Subjects did not place their hands inside the device, nor did they touch the device.
This is an exploratory study to look for a protective effect on the blood from the active Travel Bloc device compared to an identical but inactive sham device. Results showed that the active Travel Bloc
produced protective effects on the blood, with less rouleaux, reduced non-specific blood cell aggregates, reduced fibrin formation, and increased white blood cell motility, while sham effects on the blood were negligible.
1. Does the Travel Bloc device help protect human subjects from adverse blood changes seen upon exposure to microwave radiation from a 4G Wi-Fi router?
Previous pilot studies showed that humans exposed to a Wi-Fi modem/router for 10 minutes, switched on, but not downloading nor uploading data, showed adverse changes in the blood as seen via dark-field live blood analysis (Rubik, 2021; Rubik 2022). The present study was conducted to look for an effect of the Travel Bloc device compared to an identical but inactive sham or placebo device. Subjects did not place their hands inside the device, nor did they touch the device, which was placed approximately 2 meters from the subject. The study was randomized, blinded, and sham-controlled. A technique called live blood analysis or whole blood microscopy was used. Peripheral blood samples taken from subjects’ fingertips were placed on glass slides under a dark-field microscope, photographed, and scored by a trained research microscopist using a Likert scale for (0 to 4, with 4 being the maximum), for each blood parameter. These data were analyzed and compared to determine which of various blood morphologies may have changed in relation to the exposure condition. Because the sample size (N=4 subjects) was very small, only descriptive statistics were employed.

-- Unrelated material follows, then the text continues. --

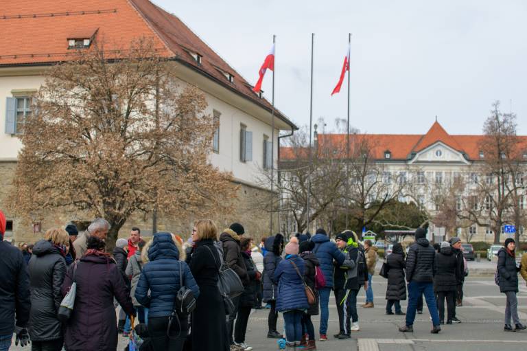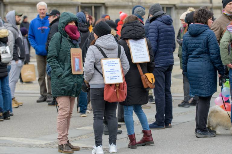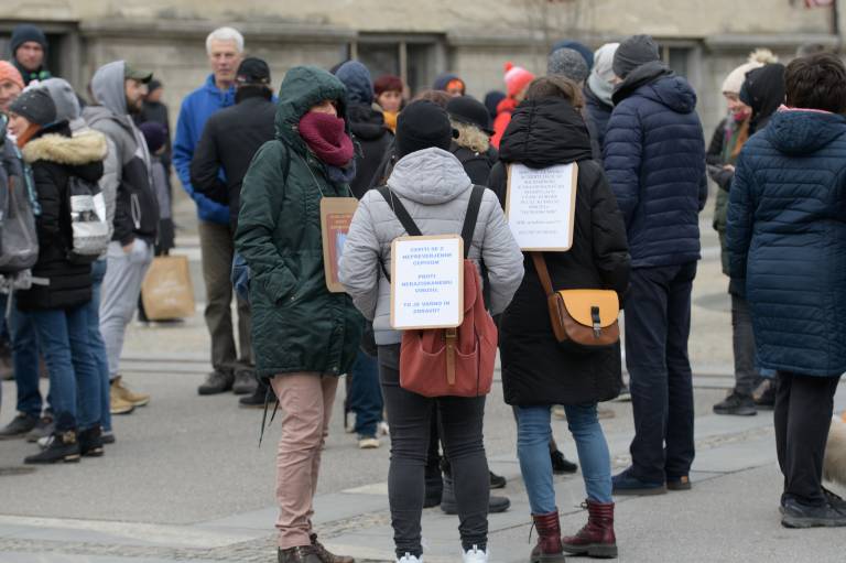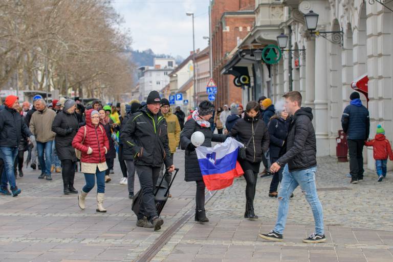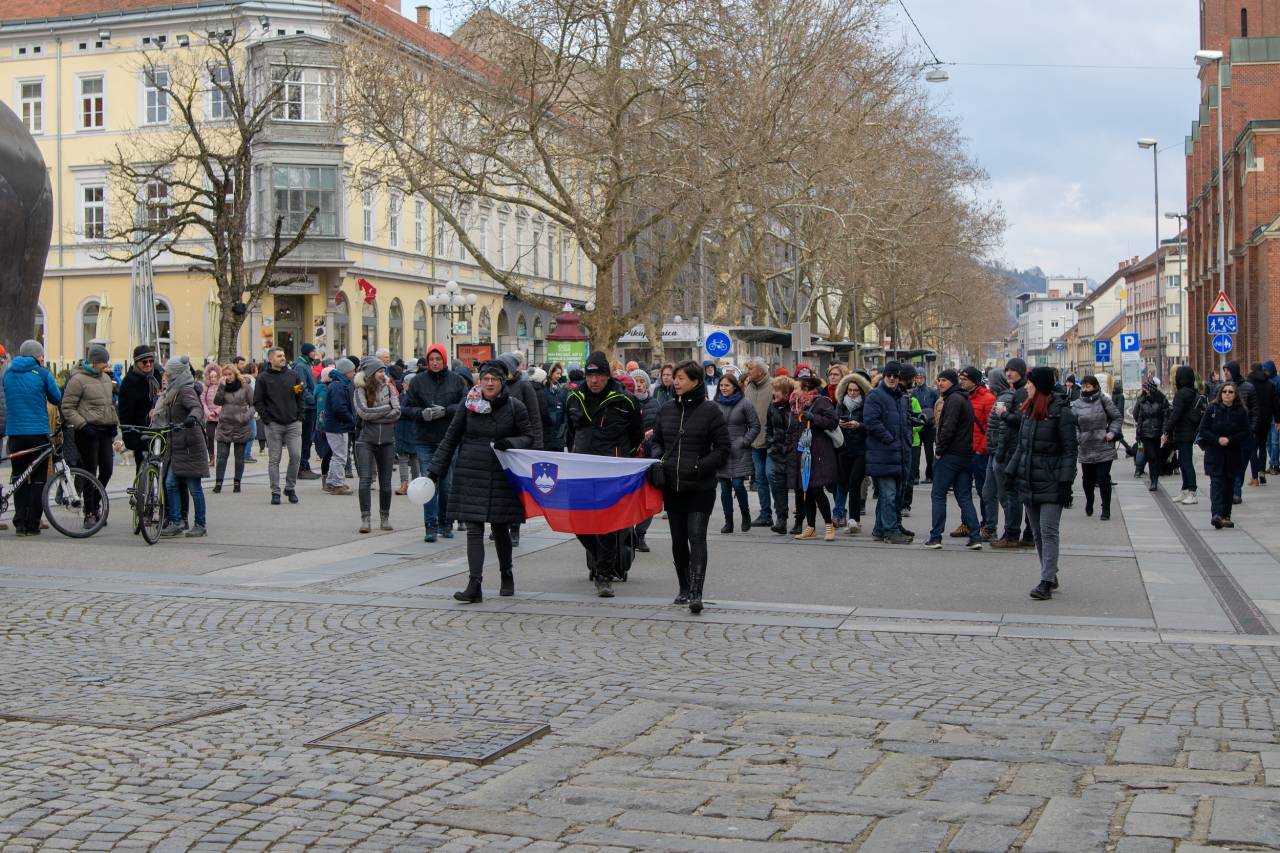 V središču Maribora se je danes na mirnih protestih zbralo nekaj sto ljudi, ki so izražali nasprotovanje ukrepom za omejitev širjenja novega koronavirusa in cepljenju. Shod je spremljala policija, ki pa ni posredovala.

Subjects were healthy adults consisting of 2 males and 2 females ranging from 43 to 81 years of age, with a mean age of 64 years. An older population was deliberately selected because previously the researcher discovered that older adults showed more adverse effects to wireless radiation as observed in the blood. The same 4 subjects had been tested previously in 2021 using the Leela Quantum Bloc device. None of the subjects had a diagnosis of electrosensitivity.
Live blood analysis involves examination of a small droplet of fresh capillary blood typically taken from the fingertip. This is observed under an optical microscope at magnifications from 600 to 1200x. A camera mounted on the microscope records digital photographs of the blood samples. This technique provides information on the ecology of the blood, sometimes referred to as the “biological terrain.” It is a research tool sometimes also used in holistic health assessment. The size, shape, variability, and cellular integrity of the red blood cells (RBCs) can readily be seen, as well as any stickiness and aggregation of the RBCs. The presence and relative number of white blood cells (WBCs) are noted, along with the motility (movement) of these cells. The blood plasma is checked for relative values of platelet aggregates, the formation of early fibrin (< 10 minutes), the presence of microbial and parasitic forms, as well as particulates including cholesterol, crystals, and contaminants.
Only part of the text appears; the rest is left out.